Guy Hardy Scholefield  (17 June 1877 – 19 July 1963) was a New Zealand journalist, historian, archivist, librarian and editor, known primarily as the compiler of the 1940 version of the Dictionary of New Zealand Biography.

Early life
Scholefield was born in Dunedin, New Zealand, on 17 June 1877. His father, John Hoick Scholefield, was an accountant. Marion, , was his mother. After his father's death in 1885, the family relocated to Milton, where he received his secondary education at Tokomairiro District High School.

Professional life
Scholefield started work at 16 at the Bruce Herald as compositor and journalist. He then became a clerk at the Bruce Woollen Manufacturing Company, but produced material for print publications on the side. He moved to Wellington in 1899 and joined The New Zealand Times, where he enjoyed much journalistic freedom working on biographies of notable New Zealanders. He was admitted to the parliamentary press gallery in 1901.

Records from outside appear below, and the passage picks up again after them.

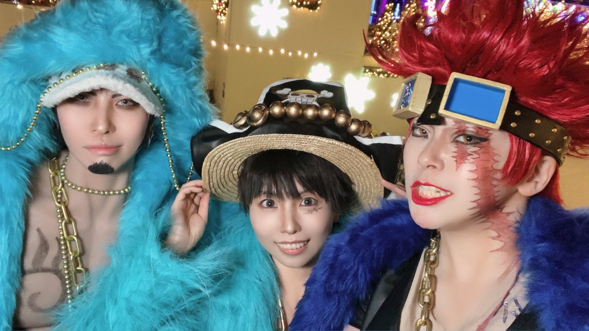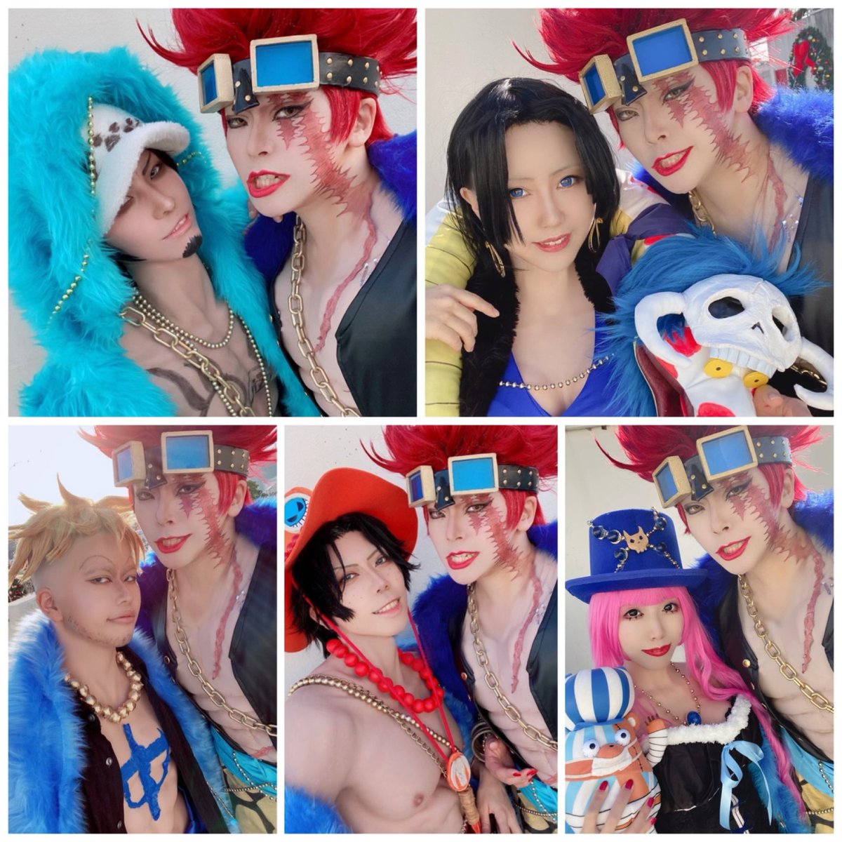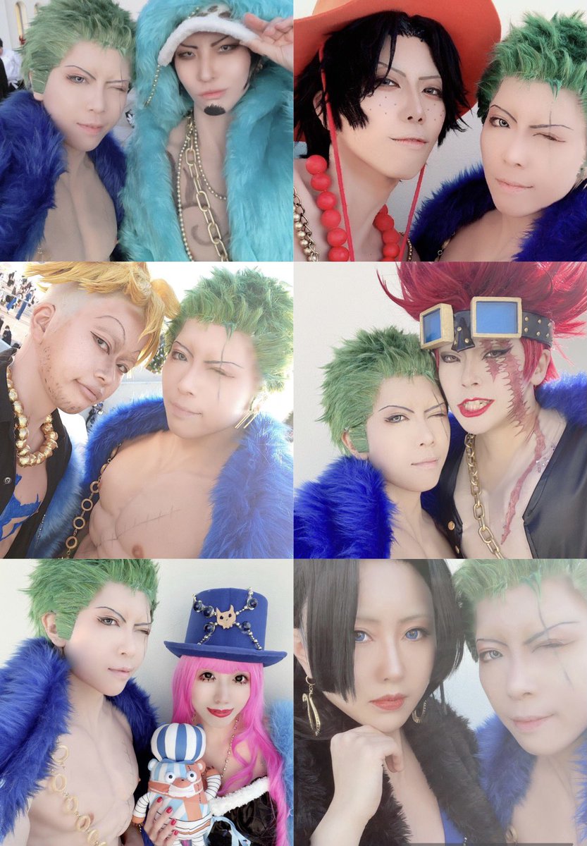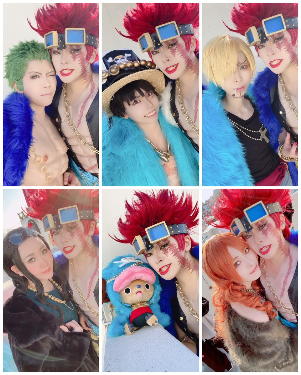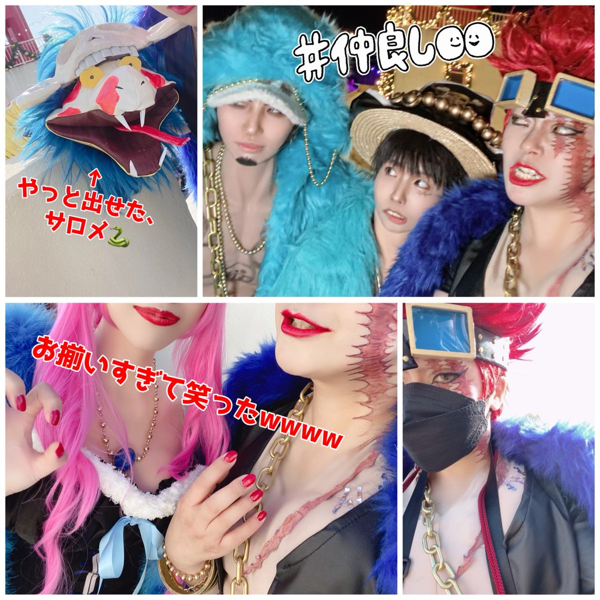 ツーショとか!!大変な衣装を準備してくれて、貴重なお時間をありがとうすぎた💙😭 🐯🐍🍍🔥👻⚔👒🕒📚🌸🍊最高だから見てほしい!!イケメンと可愛い子たち!!幸せなグリだった…… #OP20thもふもふ合わせ #ラグコス2021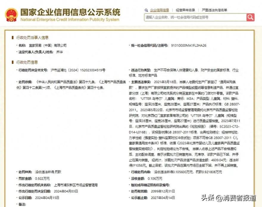 天眼查经营风险信息显示,近日,宜家贸易(中国)有限公司因生产不符合保障人体健康和人身、财产安全的标准产品,被上海市浦东新区市场监督管理局罚款 9218.08 元、没收违法所得 1056 元。因委托生产的 "UTTER 乌特尔 " 儿童凳检验结论为不合格。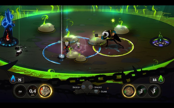 The good news of course is that you can do the same thing, too. Go ham with banishing enemies and carefully position everyone to take up defense while your orb bearer tries to score, in case the enemy respawns and takes it back. It sounds easy, but the game AI is actually pretty smart. The more mobile enemy player types will gladly go for a mad dash when you leave a path open; then as you go for the defense, the AI will quickly switch to another teammate to take out your defenseless players as you banish their goal scorer. The more defensive sap enemies, who place aura generating totems instead of shooting them, will place it in ways to control the play area, if they’re not placing it as an inconvenient defense at their pyre. But, as the enemy teams are reflections of your own, you can learn from their tactics to beef up your own play.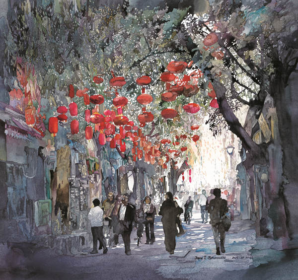 "China es un país tan hermoso, no podría elegir un sitio favorito, porque tenemos muchos", asegura Salminen. "Shanghai fue mi primera experiencia en China. Hemos ido seis veces, y sin embargo yo sigo encontrando temas muy interesantes para realizar acuarelas."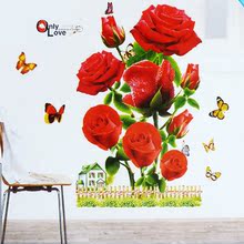 特价3D立体墙贴纸 红色玫瑰花 客厅卧室电视墙浪漫家居装饰壁纸画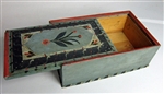 Skrin, av barrträ, med skjutlock, sinkad samman i hörnen. Botten fäst med tränaglar. Gråmålat med svart-vita snedband på kanten nertill och röd kant upptill. Locket är utskuret med reliefspegel, med låg, platt relief överst, spetsigt formad vid kortändarna. Ornament: svart ram med vita och röda snedband, därinnanför rödgröna blad på vit botten samt på mittpartiet blomster i svart, grönt, rött, vitt på grå botten. Längd 24 cm, bredd 15 cm, höjd 8 cm. Undertill är skrivet med blyerts: 1818. Målning på locket.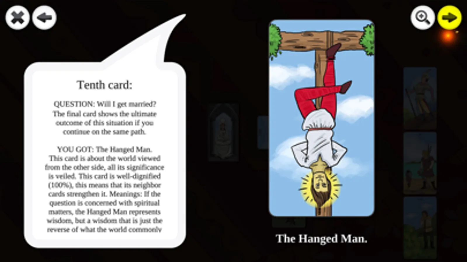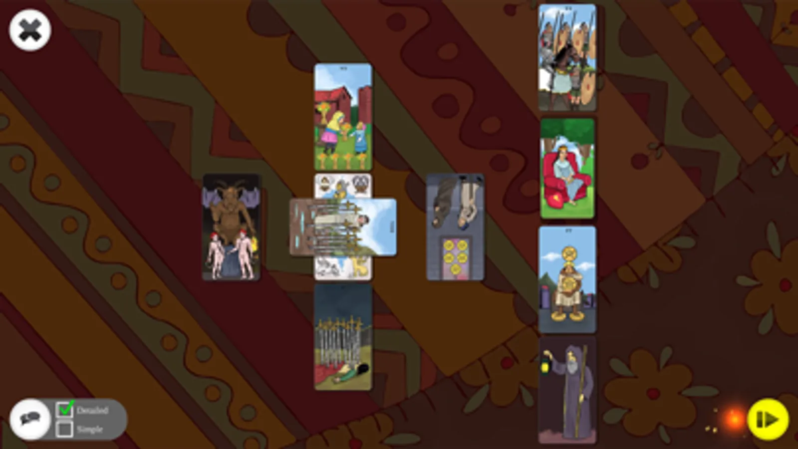 This game contains 4 different spreads depending on your situation: Celtic cross spread, three cards spread, romance / love spread and career spread. It can give you a detailed explanation for advanced users or a simple one for beginners. The game is translated in 8 languages and all results can be sent in your email. It contains 5 full decks of cards. The main one is our own custom made, animated deck and 4 historic Marseilles decks: Grimaud 1930, Conver 1760, Dodal 1715 and Noblet 1650. You can have your own reading which can be saved in 10 slots or a multiplayer in your living room to compare your results with your friends.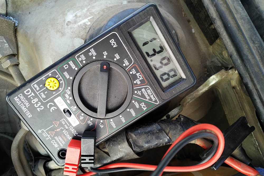 Прежде чем разобрать такой сложный электрогенерирующий узел, следует убедиться, что причина неисправности кроется в нём самом. Поэтому сначала нужно проверить напряжение и зарядку. Берём вольтметр и подсоединяем его на участке между красным проводом и «массой» аккумуляторной батареи.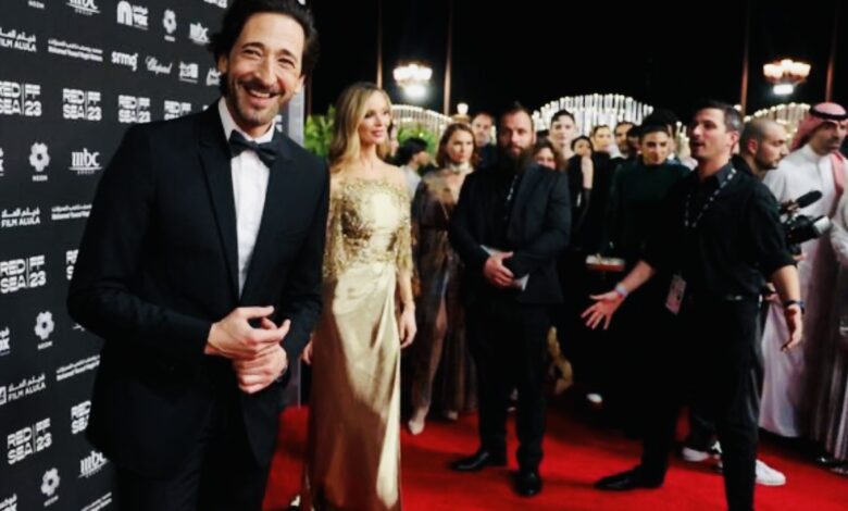 الممثل الأمريكي أدريان برودي وزوجته الممثلة الأمريكية جورجينا تشابمان يقفان على السجادة الحمراء للحفل الختامي للنسخة الثالثة من مهرجان البحر الأحمر السينمائي الدولي في جدة، السعودية 07 ديسمبر 2023.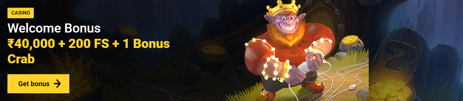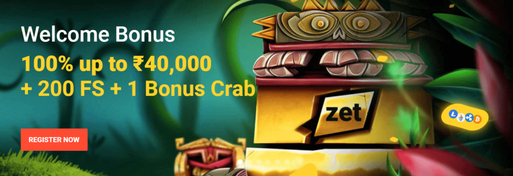 Welcome bonuses 100% up to ₹40,000 + 200FS + 1 Bonus Crab

Scholefield then undertook part-time study at Victoria University College. When he transferred his studies to Christchurch to continue at Canterbury College, he became associate editor of The Press; he held that latter role in 1903 and 1904. Returning to Wellington, he became chief of staff at The New Zealand Times in 1907. In the following year, he worked on the inaugural edition of Who's who in New Zealand and the western Pacific alongside Emil Schwabe. In 1908, he became the London correspondent for the New Zealand Associated Press, where he stayed until 1919. During WWI, he worked as a war correspondent in Europe and founded a newspaper for New Zealand expatriates resident in the United Kingdom. He studied at the London School of Economics and Political Science and graduated with a Bachelor of Science in 1915, and a Doctor of Science in 1919.

Scholefield was the second chief parliamentary librarian (May 1926 – March 1948) and succeeded Charles Wilson. 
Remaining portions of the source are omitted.